很痒。
宋汀立刻撤离自己的手,把喷雾一盖,脚步遂向后一撤,说:“好了。”
沈崇堂却好整以暇坐在原地,双手保持刚刚上药的姿势,没有动一下的意思。
“大少爷,把衣服穿好走了。”
宋汀提醒。
沈崇堂闻言动了一下肩膀,嗓音低哑地开口:“肩膀好像……还是抬不起来。”
宋汀:“……”
宋汀把他的衬衫拉好,再一粒粒依次向上扣号,扣到倒数第二颗,由于位置靠上,圆润小巧的纽扣在她的指尖滑动,怎么都扣不进那个缝隙,宋汀歪着头半天都没扣上。
“抬头。”宋汀轻拍了一下他的肩膀。
沈崇堂听话的仰起头,深邃的眉目却直直撞进她的眼眸,一瞬不瞬地望着她,宋汀喉咙发紧,呼吸不自觉放轻,指尖的圆片终于进了扣眼。
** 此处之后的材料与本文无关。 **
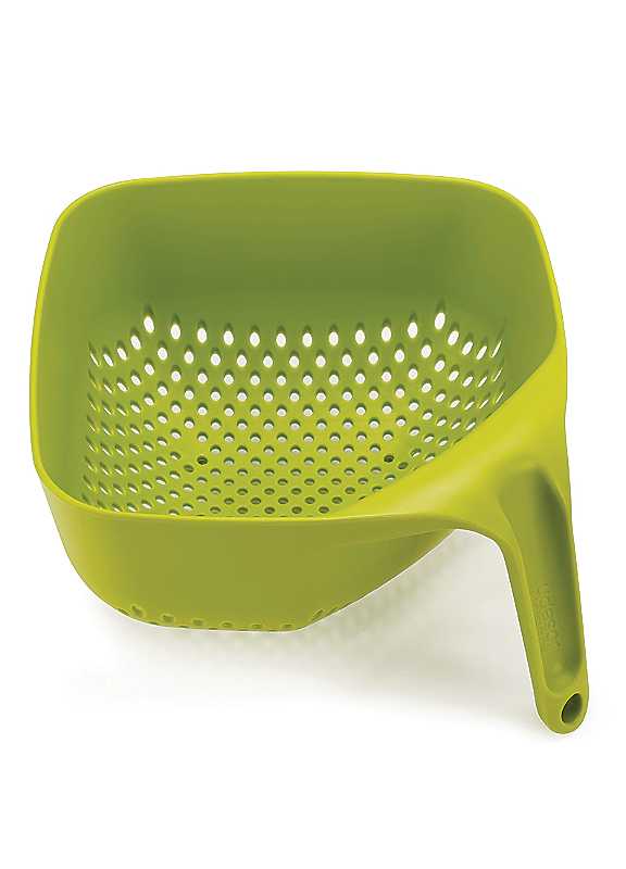 This ergonomic colander has several unique features. The single vertical handle leaves one hand free for operating the tap and ensures it remains upright and stable if placed in a sink. Its square corners make emptying food easier and the vertical holes allow liquids to drain away quickly. Along with its square shape, this latest version is now stackable making it even more space efficient. Dishwasher safe. BPA Free.Dishwasher safe, PP

简易的医疗室顶上只垂着一只白织灯,沈崇堂眼睛里盛着光,眸底的情绪让人琢磨不透,宋汀向后退,却被沈崇堂的掌心箍住了纤薄的腰。
宋汀看着他近在咫尺的脸,刀刻般的轮廓在她的脑海中留下深刻的印记,让她无法拒绝沈崇堂逐渐收紧的手掌,连呼吸都在交错,宋汀睫毛轻颤着垂了下来。
在沈崇堂的鼻尖触及到她的脸颊时,顶上的白织灯陡然灭了,四方的医疗室陷入了浓厚的黑暗。